How to run a program for a fixed period of time?

Why not use /usr/bin/timeout?

$ timeout --help
Usage: timeout [OPTION] DURATION COMMAND [ARG]...
  or:  timeout [OPTION]
Start COMMAND, and kill it if still running after DURATION.

I've just wrote the following and it seems to work:

ping google.com& PID=$!; sleep 3; kill $PID

Of course you should substitute ping with the command you want to run and 3 with a timeout in seconds. Let me know if you need a more detailed explanation on how it works.

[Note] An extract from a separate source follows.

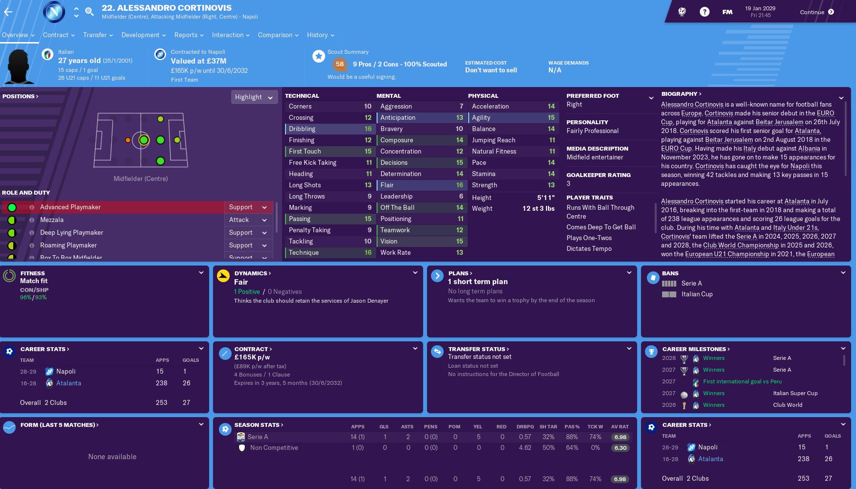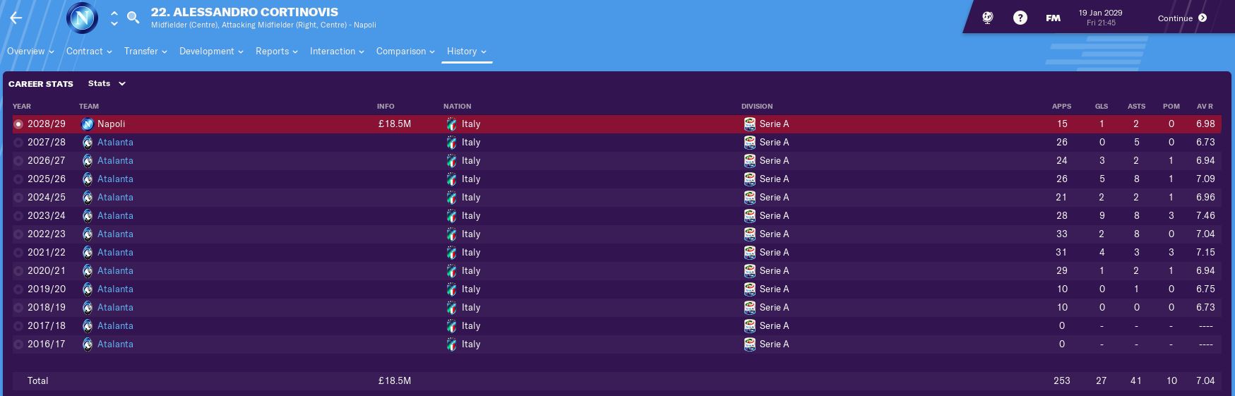 We also moved on versatile midfielder and Atalanta youth product Alessandro Cortinovis after 238 league games. I loved Corti but he couldn’t get into our team ahead of the incredible Matteo Giacalone and Timmi Uldbjerg and was beginning to get unhappy about, so I let him go to Napoli for a decent £18.5 million.

A simple (and not much tested) version of hatimerun:

#!/bin/sh

help(){
    echo "Usage"  >&2
    echo "  $0 -t TIME COMMAND" >&2
    exit 1
}

TEMP=`getopt -o t: -n "$0" -- "$@"`

if [ $? != 0 ] ; then 
    help
fi

eval set -- "$TEMP"

while true ; do
    case "$1" in
    -t) timeout=$2; shift  2;;
    --) shift; break;;
    esac
done

if [ -z "$timeout" ]; then
 help
fi

cmd="$*"

$cmd&
echo "kill $!" | at now+$timeout

See the manpage of at for how to specify the time. Like with at the minimum time resolution is 1 minute.

Another way is to use upstart instead of this script.